The Swedish bun is its own animal, and the American cinnamon roll is a different one. It is leaner, less sweet, scented with cardamom as well as cinnamon, baked hot and fast, glazed with a thin sugar syrup, and finished with pearl sugar. There is no cream cheese frosting anywhere near it. Understanding why is most of understanding the bun.
Kanelbullar: Swedish Cinnamon Buns With Pearl Sugar
Ingredients
- 300 ml whole milk, warmed to 37°C
- 50 g fresh yeast, or 17 g instant dried yeast
- 80 g caster sugar
- 1 tsp fine sea salt
- 2 tsp green cardamom pods (about 25 pods), seeds only
- 100 g unsalted butter, softened
- 580 g strong white bread flour
- 120 g unsalted butter, very soft, for the filling
- 100 g light brown soft sugar, for the filling
- 2 tbsp ground cinnamon
- 0.25 tsp fine sea salt, for the filling
- 1 medium egg, beaten, for glazing
- 50 g caster sugar, for the syrup
- 50 ml water, for the syrup
- 60 g Swedish pearl sugar (pärlsocker)
Method
- Crush the cardamom seeds coarsely in a mortar immediately before mixing.
- Dissolve the fresh yeast in the warm milk in a large bowl. For dried yeast, whisk it into the flour and simply warm the milk.
- Add the sugar, salt, crushed cardamom and 480 g of the flour. Mix to a shaggy dough and knead for 5 minutes.
- Add the 100 g softened butter in 4 pieces, kneading each in fully. Work in the remaining 100 g flour gradually. Knead 8–10 minutes more until smooth and glossy.

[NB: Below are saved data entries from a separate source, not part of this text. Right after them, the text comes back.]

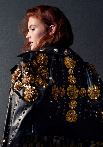 Брючный костюм-смокинг, два платья-пальто, платье с кружевной отделкой и маленькие жакеты с бантом/иллюминатором на спине демонстрируют утонченные оттенки цвета шампанского, белого и черного. Единственное красное платье с капюшоном, который свисает, открывая спину – это чувственная и текучая вещь, которая привносит в коллекцию вспышку энергии.
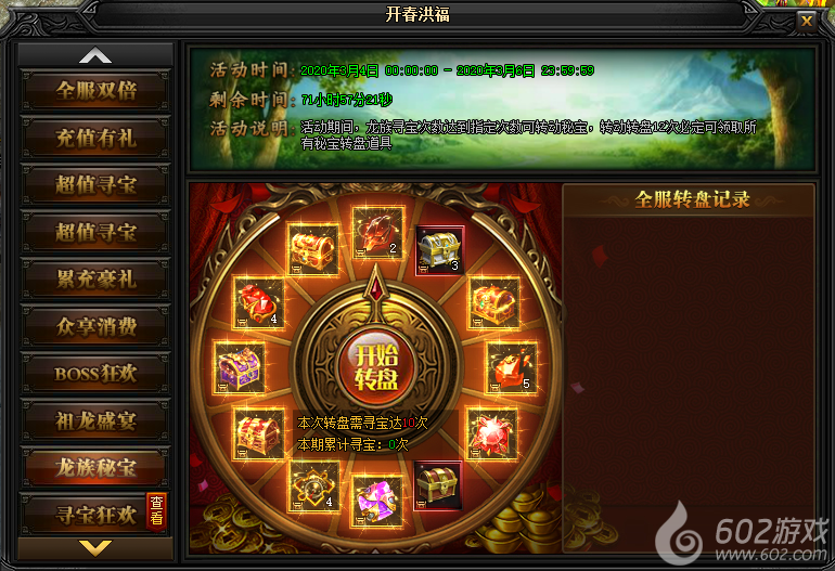 活动说明:活动期间,龙族寻宝次数达到指定次数可转动秘宝,转动转盘12次必定可领取所有秘宝转盘道具。
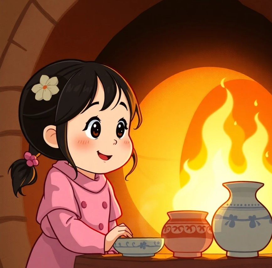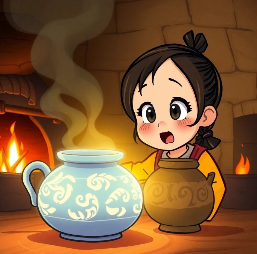 수민이가 만든 도자기를 불에 구우면서, 도자기 속에서 점점 빛나는 에너지가 퍼져나갔습니다. 마법의 도자기는 불 속에서 더욱 빛을 발하고, 수민이의 손에 들린 도자기에는 마치 혼이 깃든 것처럼 강력한 에너지가 감돌고 있었습니다.
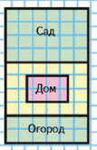 12. 1) Рассмотри план дачного участка. Определи его площадь, площадь дома, сада и огорода, если 1 см2 изображает 50 м2.
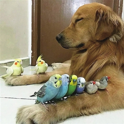 金毛:“带娃累,带别人的娃 更累。” (来源:新浪微博)
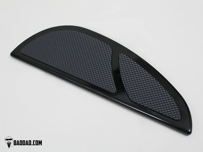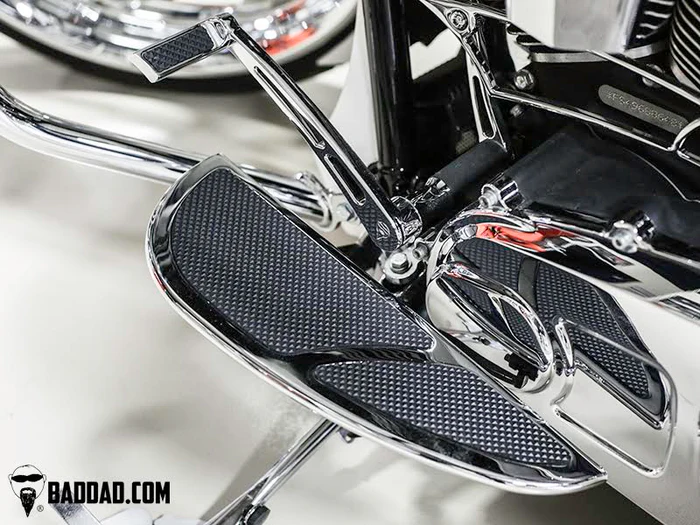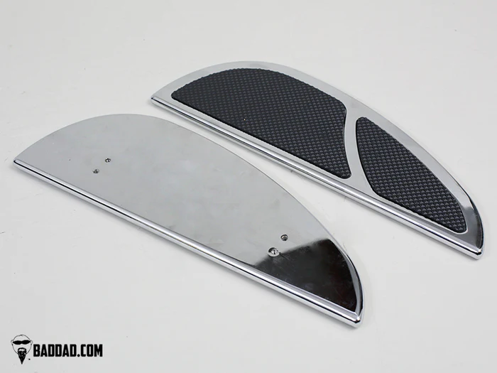 Bad Dad’s 905 Front Floorboards are the next addition in our series of custom floorboards. These custom floorboards are CNC machined from 6061 aircraft grade billet aluminum and are available in black powdercoat and chrome. Bad Dad’s floorboards are finished with a high-quality custom cut rubber insert for a great look and comfortable ride.
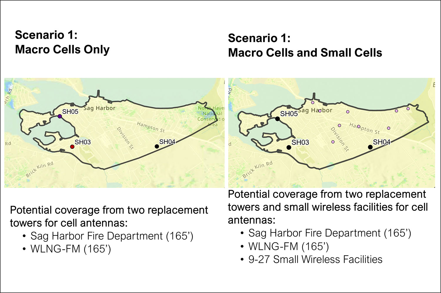 With a taller tower at the firehouse, the addition of approximately nine “small wireless facilities,” or micro towers, which are used to add capacity to a network and are usually no more than 50 feet tall, would fill in remaining coverage gaps. “Ideally, you would want those built for all the providers to share,” Ms. Rabold said, “but we haven’t really seen a lot of that happening in the field yet. So we say your minimum number would be nine, and if all the wireless providers wanted to supplement those smaller coverage gaps, you may end up with as many as 27.”
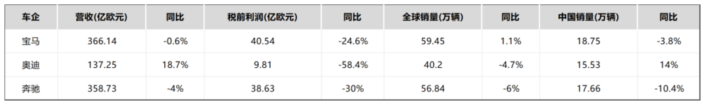 2024年Q1,除奥迪在华销量同比上涨14%外,奔驰、宝马在华销量持续下降。但奥迪销量增长却以牺牲利润为代价,奥迪同期利润暴跌超50%在BBA中跌幅最大。

- Cover and prove for 60 minutes, until doubled.
- Beat the 120 g very soft butter with the brown sugar, cinnamon and 0.25 tsp salt to a smooth, spreadable paste.
- Roll the dough on a lightly floured surface to a rectangle roughly 50 x 35 cm and 4 mm thick, with a long edge facing you.
- Spread the filling evenly right to the edges. Fold the rectangle in half lengthways, bringing the bottom edge up to meet the top, giving a 50 x 17.5 cm strip.
- Cut the strip into 16 vertical strips, each about 3 cm wide.
- Take a strip, twist it 3 or 4 times along its length, then wind it around two fingers twice and tuck the loose end up through the centre of the coil. Place on a lined tray.
- Repeat with the remaining strips, spacing them well across two lined trays. Cover loosely and prove for 45 minutes until visibly puffed.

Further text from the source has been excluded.